A stochastic signaling network mediates the probabilistic induction of cerebellar long-term depression

Affiliations

A stochastic signaling network mediates the probabilistic induction of cerebellar long-term depression

Gabriela Antunes et al. J Neurosci. .

Abstract

Many cellular processes involve a small number of molecules and undergo stochastic fluctuations in their levels of activity. Cerebellar long-term depression (LTD) is a form of synaptic plasticity expressed as a reduction in the number of synaptic AMPA receptors (AMPARs) in Purkinje cells. We developed a stochastic model of the LTD signaling network, including a PKC-ERK-cPLA(2) positive feedback loop and mechanisms of AMPAR trafficking, and tuned the model to replicate calcium uncaging experiments.

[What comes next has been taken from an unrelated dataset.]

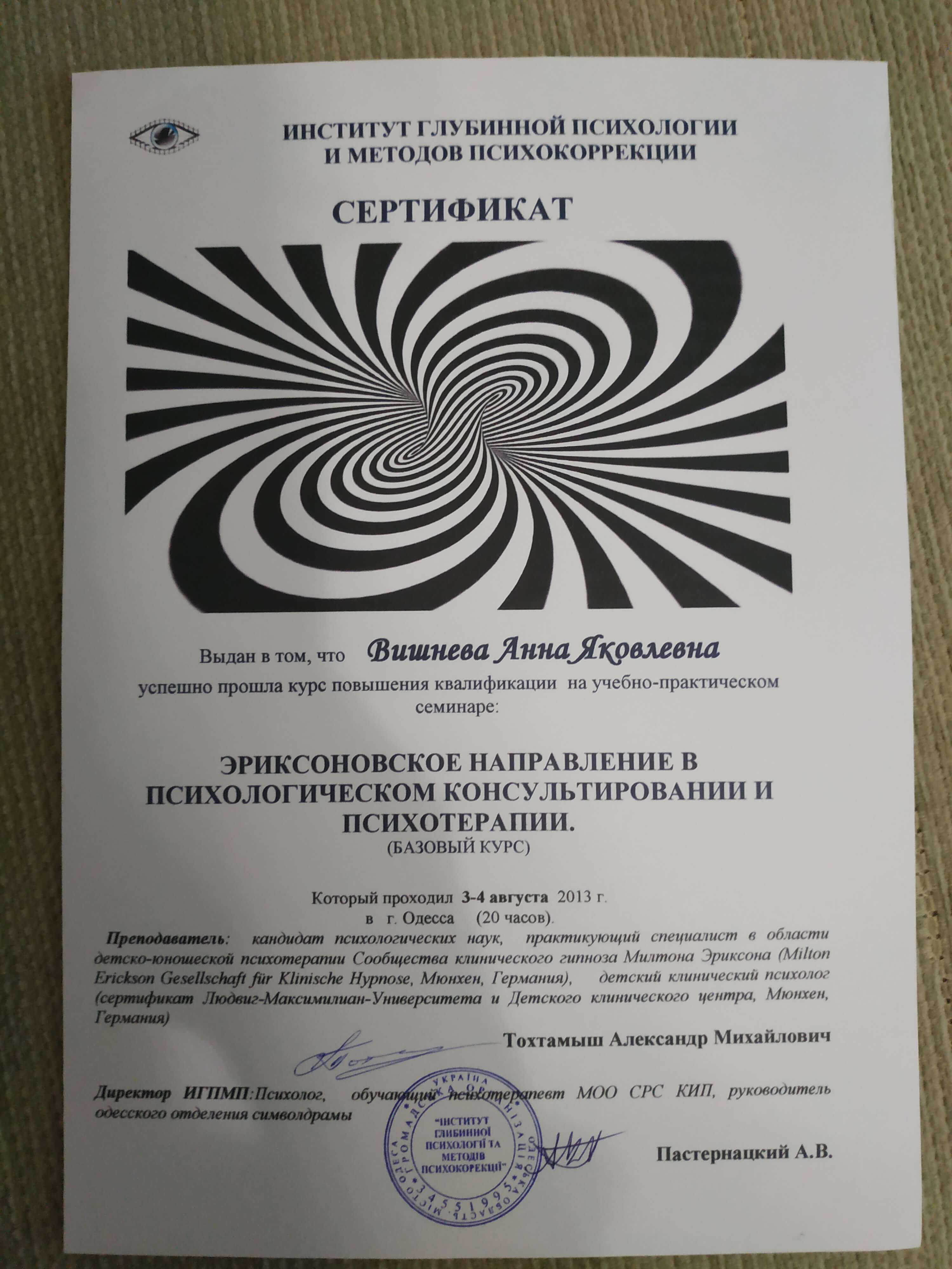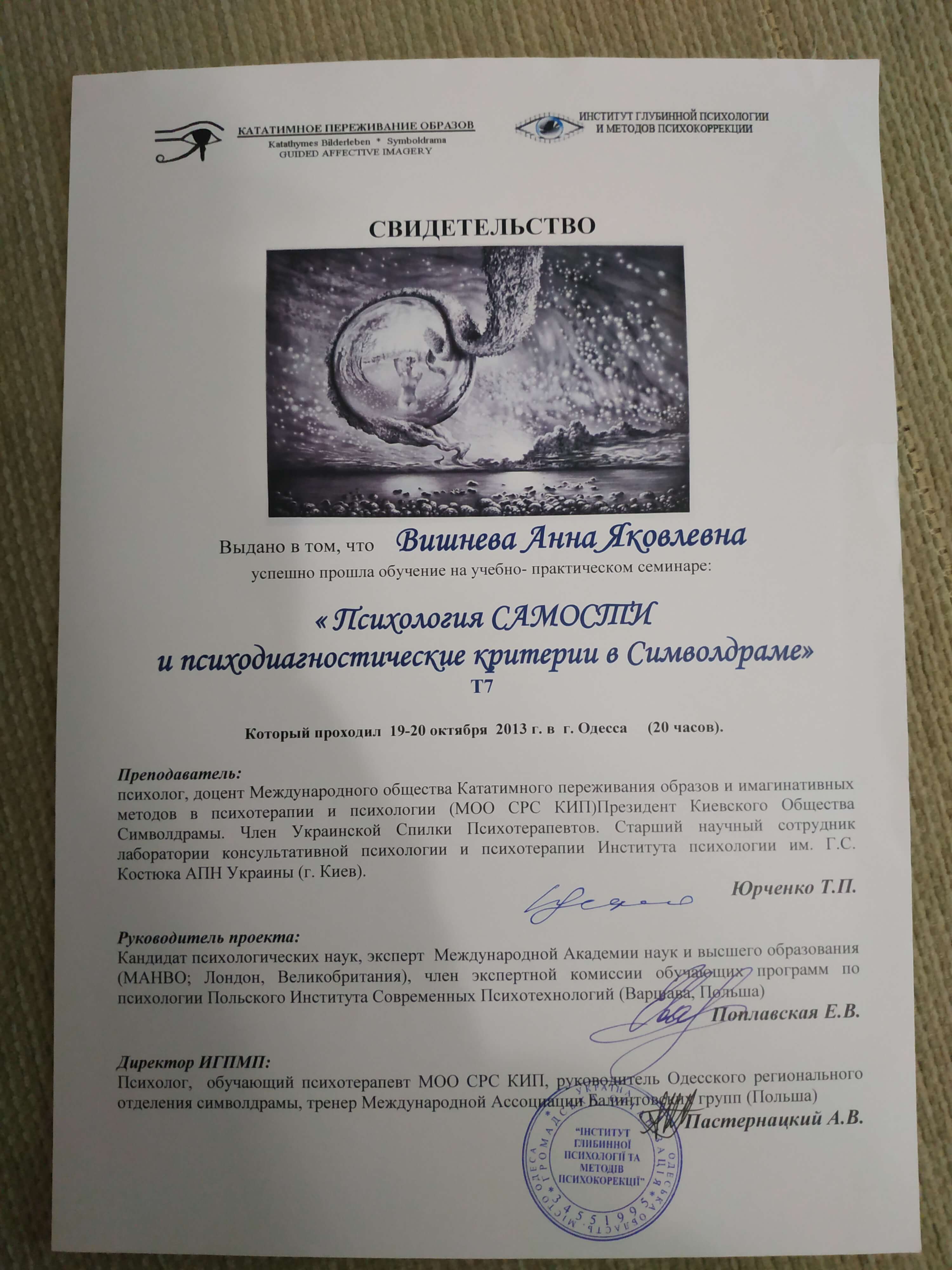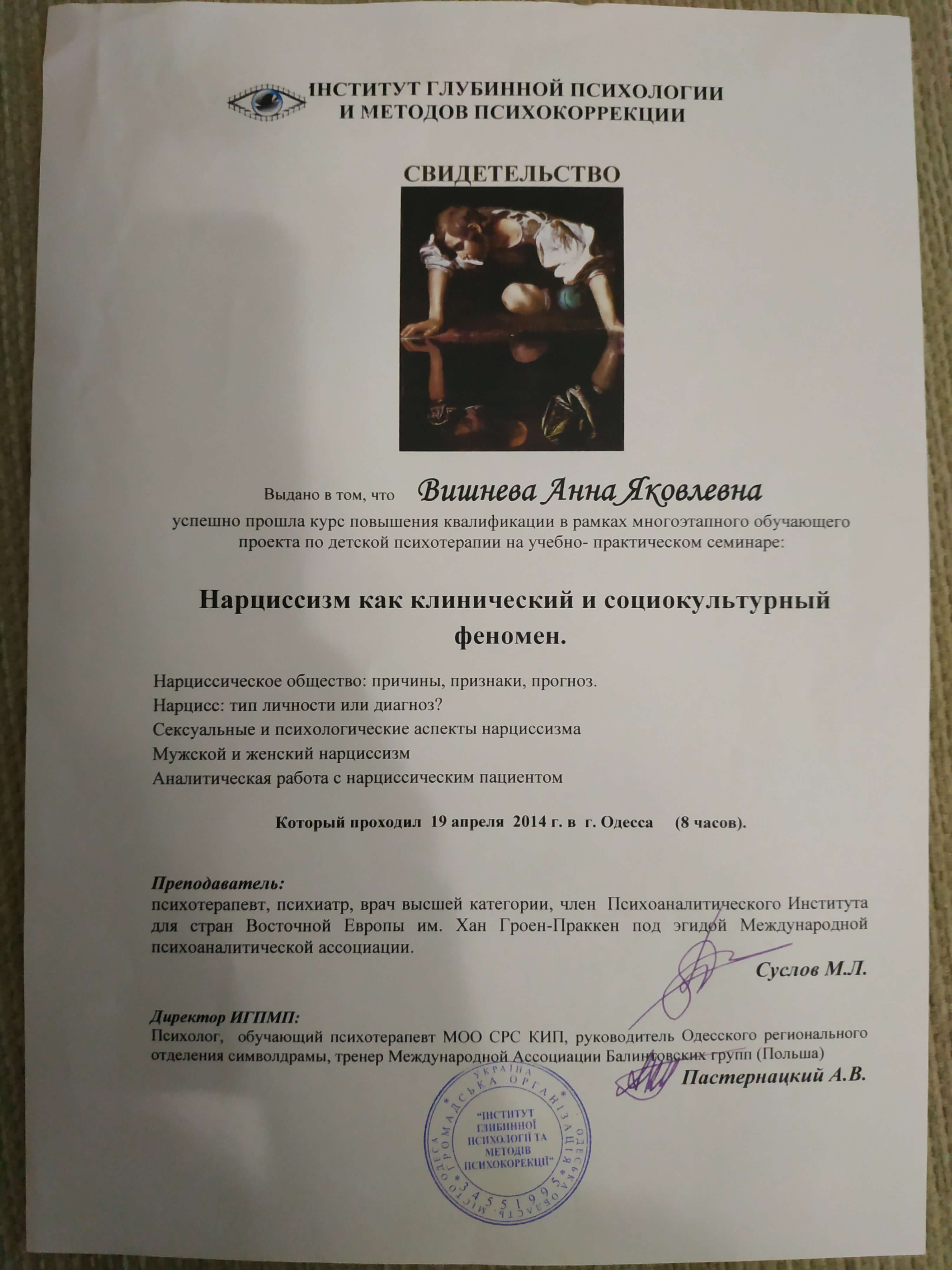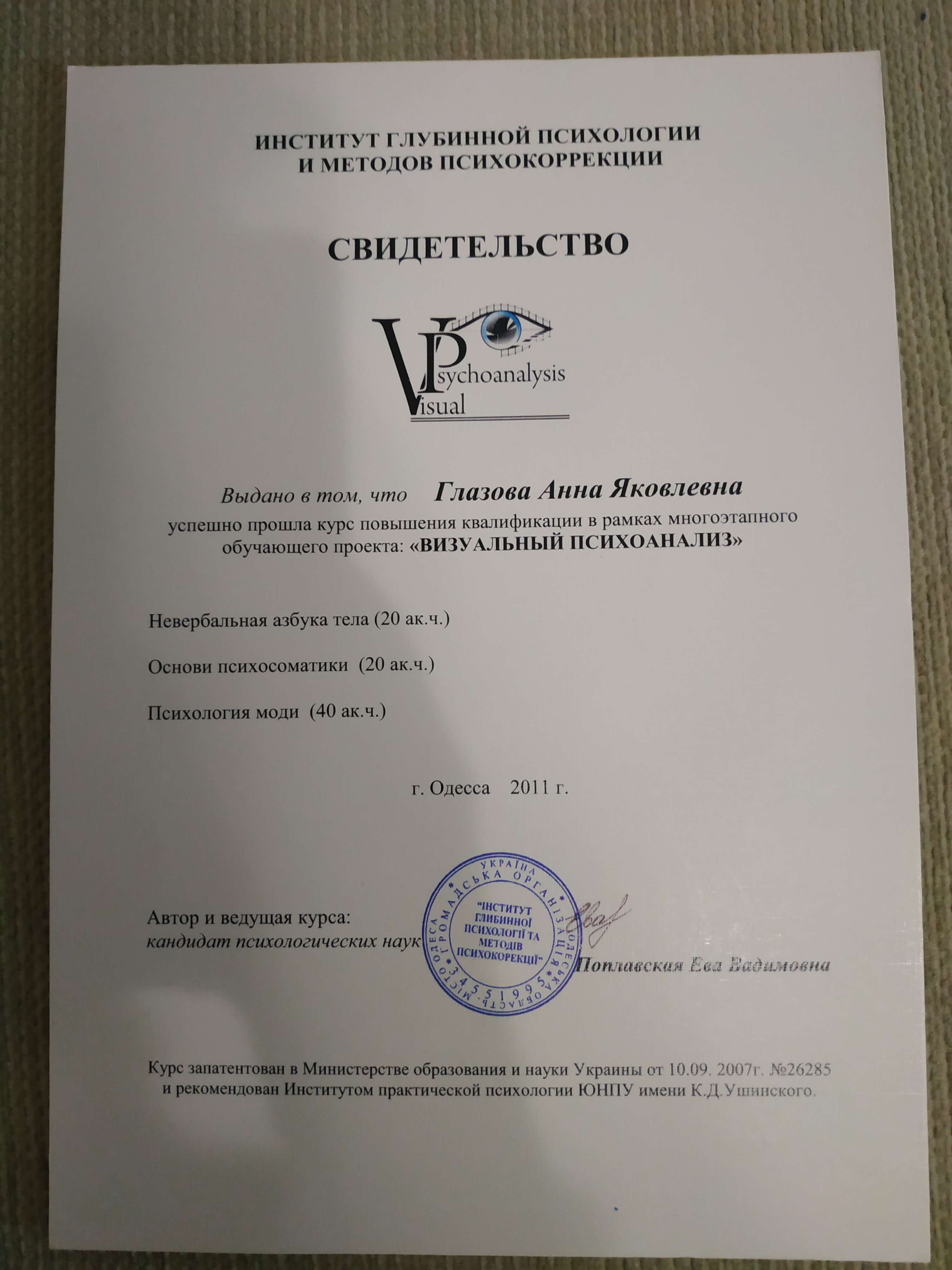 Выдан: Институт глубинной психологии и методов психокоррекции

The signaling network activity in single synapses switches between two discrete stable states (LTD and non-LTD) in a probabilistic manner. The stochasticity of the signaling network causes threshold dithering and allows at the macroscopic level for many different and stable mean magnitudes of depression. The probability of LTD occurrence in a single spine is only modulated by the concentration and duration of the signal used to trigger it, and inputs with the same magnitude can give rise to two different responses; there is no threshold for the input signal. The stochasticity is intrinsic to the signaling network and not mostly dependent on noise in the calcium input signal, as has been suggested previously. The activities of the ultrasensitive ERK and of cPLA(2) undergo strong stochastic fluctuations. Conversely, PKC, which acts as a noise filter, is more constantly activated. Systematic variation of the biochemical population size demonstrates that threshold dithering and the absence of spontaneous LTD depend critically on the number of molecules in a spine, indicating constraints on spine size in Purkinje cells.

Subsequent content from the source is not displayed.